La decisión del Ejecutivo de suspender el esquema de retenciones móviles que regía desde marzo fue bien recibida por las patronales agropecuarias, aunque advirtieron que aún esperan respuestas a otras reclamaciones del sector.
La oposición también consideró que el Gobierno procedió correctamente tras el rechazo que recibió la medida, convertida en proyecto de ley en el Senado durante la madrugada del jueves, con el voto decisivo del vicepresidente del país, Julio Cobos.
El anuncio sobre la suspensión de la subida impositiva fue realizado por el jefe de Gabinete, Alberto Fernández, quien se limitó a leer el texto del decreto que lleva la firma de la jefa del Estado, Cristina Fernández.
La presidenta, quien recientemente se había jactado de no recurrir a los decretos en su gestión, que comenzó en diciembre pasado, utilizó nuevamente esta prerrogativa para dejar sin efecto el alza de los impuestos a la exportación de granos.

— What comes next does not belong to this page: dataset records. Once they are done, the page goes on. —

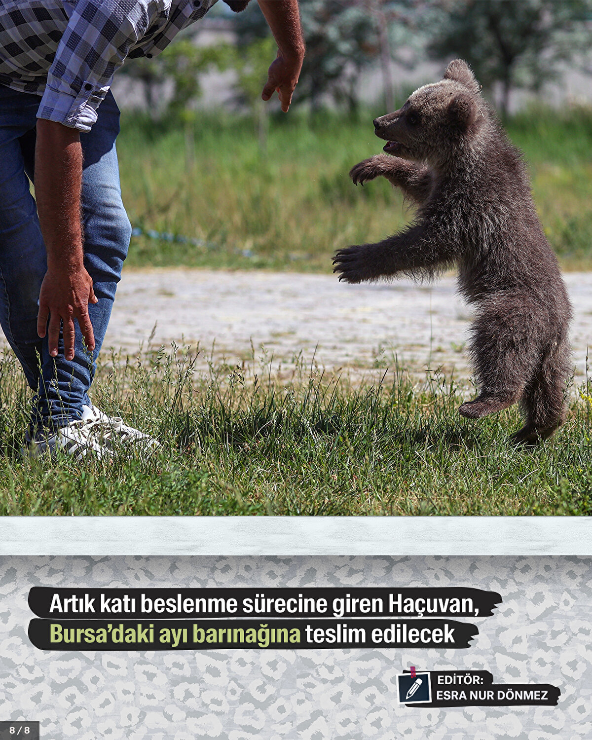 Sevimli yavru ayı 'Haçuvan' ile tanışın. Hakkari Çukurca'da annesinden ayrı düştüğü için yeterince beslenemeyen ve tedavisi için Van'a getirilen ayı yavrusu, yaşamını özel bir alanda sürdürebilmesi için Bursa'daki ayı barınağına gönderilecek.
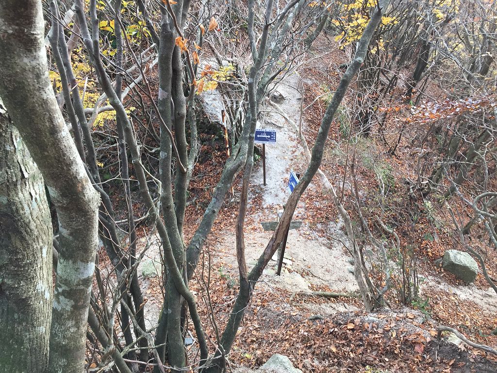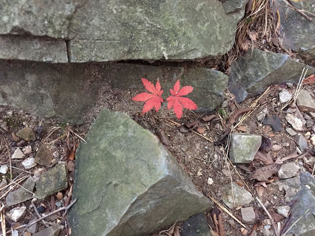この枯葉がかなり滑りやすかった。わずかな距離なのに下るのに数分かかった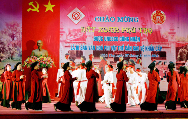 Kemudian, Pesta menyanyikan lagu rakyat Xoan di Provinsi Phu Tho merupakan pestavyang tidak bisa kurang di Vietnam Utara pada awal musim Semi. Pesta ini berlangsung dari 7-10 bulan Satu tahun imlek. Pesta menyanyikan lagu rakyat Xoan dijalankan untuk mengenangkan Xuân Nương, seorang hulubalang perempuan yang pandai, pimpinan Pahlân Hai Bà Trưng (dua Ibu Trung). Memulai Pesta menyanyikan lagu rakyat Xoan ialah jamuan musim Semi dan menyedekahi dewa Desa. Pada pesta ini, semua rombongan penyanyi sering mengadakan acara menyanyikan lagu rakyat Xoan di pintu balai desa. "Nyanyian rakyat Xoan" di Provinsi Phu Tho merupakan Pusaka budaya nonbendawi dari umat manusia. Pada pesta ini juga berlangsung pagelaran kejuruan di tepi sungai di depan balai desa, di antaranya ada banyak acara pertunjukan yang menyerap perhatian dari para penonton, misalnya menguras air, membajak, menyebarkan benih , menjual kapas dan lain- lain...

Aquella resolución desencadenó una oleada de movilizaciones y protestas del sector agropecuario que han provocado pérdidas millonarias al país y un grave desgaste de la mandataria.
Nuevos impuestos
El nuevo decreto, que entrará en vigor tras su publicación en el Boletín Oficial del Estado el próximo lunes, establece que los niveles impositivos para las exportaciones de soja, trigo, maíz y girasol vuelvan a ser los establecidos en noviembre último.
En lugar del esquema progresivo de retenciones que regía desde marzo, para las exportaciones de soja volverá a aplicarse un impuesto fijo del 35%; del 28% para las del trigo; 25% para el maíz; y 23 por ciento para las de girasol.
El titular de la Sociedad Rural Argentina (SRA), Luciano Miguens, manifestó que la decisión del Ejecutivo termina con más de cuatro meses de conflicto.